Using Envoy Proxy to load-balance gRPC services on GKE

Stay organized with collections Save and categorize content based on your preferences.

This tutorial demonstrates how to expose multiple gRPC services deployed on Google Kubernetes Engine (GKE) on a single external IP address by using Network Load Balancing and Envoy Proxy. The tutorial highlights some of the advanced features that Envoy provides for gRPC.


gRPC is an open source, language-independent RPC framework based on HTTP/2 that uses protocol buffers for efficient on-the-wire representation and fast serialization. Inspired by Stubby, the internal Google RPC framework, gRPC enables low-latency communication between microservices and between mobile clients and APIs.

gRPC runs over HTTP/2 and offers several advantages over HTTP/1.1, such as efficient binary encoding, multiplexing of requests and responses over a single connection, and automatic flow control. gRPC also offers several options for load balancing. This tutorial focuses on situations where clients are untrusted, such as mobile clients and clients running outside the trust boundary of the service provider. Of the load-balancing options that gRPC provides, you use proxy-based load balancing in this tutorial.

In the tutorial, you deploy a Kubernetes Service of TYPE=LoadBalancer, which is exposed as transport layer (layer 4) Network Load Balancing on Google Cloud. This service provides a single public IP address and passes TCP connections directly to the configured backends. In the tutorial, the backend is a Kubernetes Deployment of Envoy instances.
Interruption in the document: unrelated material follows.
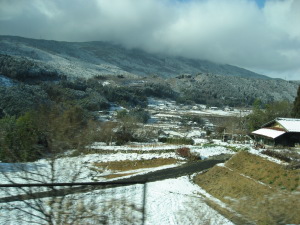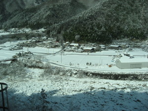 恵那あたりから積雪を確認

Envoy is an open source application layer (layer 7) proxy that offers many advanced features. In this tutorial, you use it to terminate TLS connections and route gRPC traffic to the appropriate Kubernetes Service. Compared to other application layer solutions such as Kubernetes Ingress, using Envoy directly provides multiple customization options, like the following:

  • Service discovery
  • Load-balancing algorithms
  • Transforming requests and responses—for instance, to JSON or gRPC-Web
  • Authenticating requests by validating JWT tokens
  • gRPC health checks

By combining Network Load Balancing with Envoy, you can set up an endpoint (external IP address) that forwards traffic to a set of Envoy instances running in a GKE cluster. These instances then use application layer information to proxy requests to different gRPC services running in the cluster. The Envoy instances use cluster DNS to identify and load-balance incoming gRPC requests to the healthy and running pods for each service. This means traffic is load-balanced to the pods per RPC request rather than per TCP connection from the client.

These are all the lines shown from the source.